AIM OF THE TASK: Extract the first line through the line containing "složit a rozložit." from the listing below, exactly as written.

MATERIAL FOR THIS TASK section start

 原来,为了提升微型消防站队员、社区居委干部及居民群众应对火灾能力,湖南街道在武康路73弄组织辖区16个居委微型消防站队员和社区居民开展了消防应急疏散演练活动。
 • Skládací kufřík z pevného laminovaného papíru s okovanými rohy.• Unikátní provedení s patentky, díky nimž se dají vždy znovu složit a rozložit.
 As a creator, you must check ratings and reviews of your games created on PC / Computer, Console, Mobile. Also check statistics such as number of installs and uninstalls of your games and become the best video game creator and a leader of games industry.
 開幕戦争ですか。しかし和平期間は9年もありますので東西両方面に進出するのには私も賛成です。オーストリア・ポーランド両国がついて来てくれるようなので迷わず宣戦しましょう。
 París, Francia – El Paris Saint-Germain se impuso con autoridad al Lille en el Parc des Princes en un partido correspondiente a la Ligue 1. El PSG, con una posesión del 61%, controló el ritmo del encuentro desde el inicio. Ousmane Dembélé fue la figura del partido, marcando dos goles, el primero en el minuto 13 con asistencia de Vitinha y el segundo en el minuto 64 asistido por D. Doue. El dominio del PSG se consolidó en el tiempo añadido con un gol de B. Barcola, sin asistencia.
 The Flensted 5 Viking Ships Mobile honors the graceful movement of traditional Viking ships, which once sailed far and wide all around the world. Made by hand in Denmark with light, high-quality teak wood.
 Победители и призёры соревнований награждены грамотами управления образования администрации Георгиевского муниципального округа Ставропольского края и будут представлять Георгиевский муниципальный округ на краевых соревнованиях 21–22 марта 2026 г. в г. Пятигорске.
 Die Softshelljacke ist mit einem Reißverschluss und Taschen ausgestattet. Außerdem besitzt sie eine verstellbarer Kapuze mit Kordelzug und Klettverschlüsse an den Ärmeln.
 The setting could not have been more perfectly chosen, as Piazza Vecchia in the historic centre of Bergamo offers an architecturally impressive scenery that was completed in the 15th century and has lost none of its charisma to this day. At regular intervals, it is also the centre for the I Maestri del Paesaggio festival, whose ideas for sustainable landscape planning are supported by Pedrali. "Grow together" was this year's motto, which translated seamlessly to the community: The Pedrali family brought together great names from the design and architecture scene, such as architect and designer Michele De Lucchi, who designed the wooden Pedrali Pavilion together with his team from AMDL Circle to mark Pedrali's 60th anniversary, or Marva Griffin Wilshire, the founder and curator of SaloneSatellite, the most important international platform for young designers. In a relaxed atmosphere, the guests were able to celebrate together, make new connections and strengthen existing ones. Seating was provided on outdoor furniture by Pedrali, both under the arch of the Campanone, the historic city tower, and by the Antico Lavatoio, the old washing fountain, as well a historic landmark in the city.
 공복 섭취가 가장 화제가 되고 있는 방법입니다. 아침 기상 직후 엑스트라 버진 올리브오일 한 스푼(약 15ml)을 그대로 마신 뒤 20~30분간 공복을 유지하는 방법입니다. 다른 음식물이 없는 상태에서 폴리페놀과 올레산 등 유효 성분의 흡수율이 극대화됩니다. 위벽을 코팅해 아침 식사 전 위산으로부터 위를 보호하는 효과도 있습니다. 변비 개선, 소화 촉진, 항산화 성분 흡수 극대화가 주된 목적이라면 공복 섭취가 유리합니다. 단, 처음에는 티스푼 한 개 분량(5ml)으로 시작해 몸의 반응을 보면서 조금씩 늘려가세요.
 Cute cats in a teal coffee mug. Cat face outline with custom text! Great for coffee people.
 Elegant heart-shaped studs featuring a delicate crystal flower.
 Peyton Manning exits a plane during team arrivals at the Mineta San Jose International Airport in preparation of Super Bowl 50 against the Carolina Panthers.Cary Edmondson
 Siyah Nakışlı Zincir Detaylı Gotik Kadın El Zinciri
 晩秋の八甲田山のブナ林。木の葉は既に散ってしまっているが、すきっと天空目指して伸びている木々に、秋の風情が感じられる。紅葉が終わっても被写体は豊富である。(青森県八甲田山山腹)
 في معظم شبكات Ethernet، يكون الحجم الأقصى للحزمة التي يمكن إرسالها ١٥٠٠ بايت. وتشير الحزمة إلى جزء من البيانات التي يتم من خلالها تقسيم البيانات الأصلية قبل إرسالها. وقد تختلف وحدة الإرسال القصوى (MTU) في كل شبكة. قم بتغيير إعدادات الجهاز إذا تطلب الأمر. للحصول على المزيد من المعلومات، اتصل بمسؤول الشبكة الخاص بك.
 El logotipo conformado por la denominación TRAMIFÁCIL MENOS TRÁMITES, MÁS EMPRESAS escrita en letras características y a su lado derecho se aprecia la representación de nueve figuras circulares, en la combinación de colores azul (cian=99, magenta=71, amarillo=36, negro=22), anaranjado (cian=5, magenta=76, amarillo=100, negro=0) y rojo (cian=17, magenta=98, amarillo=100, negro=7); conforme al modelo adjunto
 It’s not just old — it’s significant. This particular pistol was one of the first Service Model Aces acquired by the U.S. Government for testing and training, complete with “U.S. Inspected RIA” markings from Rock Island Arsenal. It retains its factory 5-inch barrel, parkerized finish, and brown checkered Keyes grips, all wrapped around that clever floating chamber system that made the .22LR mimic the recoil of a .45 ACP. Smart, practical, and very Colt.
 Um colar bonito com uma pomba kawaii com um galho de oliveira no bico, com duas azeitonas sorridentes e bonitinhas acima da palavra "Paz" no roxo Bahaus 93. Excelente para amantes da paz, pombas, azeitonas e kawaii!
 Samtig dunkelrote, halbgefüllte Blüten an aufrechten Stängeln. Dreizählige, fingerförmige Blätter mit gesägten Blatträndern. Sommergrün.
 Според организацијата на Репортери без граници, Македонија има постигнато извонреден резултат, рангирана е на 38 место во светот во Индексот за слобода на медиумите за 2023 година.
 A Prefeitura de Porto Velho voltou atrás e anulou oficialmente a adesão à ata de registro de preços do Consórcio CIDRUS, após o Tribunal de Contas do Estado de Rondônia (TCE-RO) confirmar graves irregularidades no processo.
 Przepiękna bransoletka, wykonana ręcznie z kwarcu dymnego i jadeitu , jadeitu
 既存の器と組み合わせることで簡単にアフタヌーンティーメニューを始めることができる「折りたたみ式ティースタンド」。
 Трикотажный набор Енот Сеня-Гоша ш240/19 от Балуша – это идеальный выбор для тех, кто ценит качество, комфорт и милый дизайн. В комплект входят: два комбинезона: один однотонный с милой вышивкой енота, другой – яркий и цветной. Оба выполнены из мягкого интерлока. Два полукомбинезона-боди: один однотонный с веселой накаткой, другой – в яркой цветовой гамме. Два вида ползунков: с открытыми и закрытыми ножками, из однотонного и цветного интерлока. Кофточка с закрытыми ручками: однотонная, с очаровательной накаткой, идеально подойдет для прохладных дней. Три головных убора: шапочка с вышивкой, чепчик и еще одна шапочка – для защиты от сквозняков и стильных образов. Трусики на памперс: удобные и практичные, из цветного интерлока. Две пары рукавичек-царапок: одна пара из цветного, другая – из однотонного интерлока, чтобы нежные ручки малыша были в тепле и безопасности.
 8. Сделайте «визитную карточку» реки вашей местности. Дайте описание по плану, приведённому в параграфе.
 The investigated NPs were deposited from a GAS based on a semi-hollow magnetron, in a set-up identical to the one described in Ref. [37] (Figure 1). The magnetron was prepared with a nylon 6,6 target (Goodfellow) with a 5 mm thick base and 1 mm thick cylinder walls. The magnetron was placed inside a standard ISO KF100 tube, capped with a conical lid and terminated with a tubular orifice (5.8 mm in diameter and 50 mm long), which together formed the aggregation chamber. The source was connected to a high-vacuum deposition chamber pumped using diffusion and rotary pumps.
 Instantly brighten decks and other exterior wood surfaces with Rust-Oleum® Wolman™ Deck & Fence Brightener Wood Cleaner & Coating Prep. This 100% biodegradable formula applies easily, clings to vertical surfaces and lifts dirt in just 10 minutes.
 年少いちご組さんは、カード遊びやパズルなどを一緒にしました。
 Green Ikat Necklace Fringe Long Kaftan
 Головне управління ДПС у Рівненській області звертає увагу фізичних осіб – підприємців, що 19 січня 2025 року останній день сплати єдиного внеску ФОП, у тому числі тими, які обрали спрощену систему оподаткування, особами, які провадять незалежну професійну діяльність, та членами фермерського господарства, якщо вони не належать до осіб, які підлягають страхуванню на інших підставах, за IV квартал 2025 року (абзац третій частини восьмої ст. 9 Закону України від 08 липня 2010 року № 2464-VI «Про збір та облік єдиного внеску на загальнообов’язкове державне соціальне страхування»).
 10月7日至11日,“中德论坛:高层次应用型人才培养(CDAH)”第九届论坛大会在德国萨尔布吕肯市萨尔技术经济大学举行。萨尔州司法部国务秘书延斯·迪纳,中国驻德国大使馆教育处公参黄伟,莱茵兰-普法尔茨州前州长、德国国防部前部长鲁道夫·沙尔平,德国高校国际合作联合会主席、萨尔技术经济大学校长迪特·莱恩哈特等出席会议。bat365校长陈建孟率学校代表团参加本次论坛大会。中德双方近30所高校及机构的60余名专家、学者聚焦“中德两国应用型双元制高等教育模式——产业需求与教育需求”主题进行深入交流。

MATERIAL FOR THIS TASK section end

REPLY TO THE TASK:
 原来,为了提升微型消防站队员、社区居委干部及居民群众应对火灾能力,湖南街道在武康路73弄组织辖区16个居委微型消防站队员和社区居民开展了消防应急疏散演练活动。
 • Skládací kufřík z pevného laminovaného papíru s okovanými rohy.• Unikátní provedení s patentky, díky nimž se dají vždy znovu složit a rozložit.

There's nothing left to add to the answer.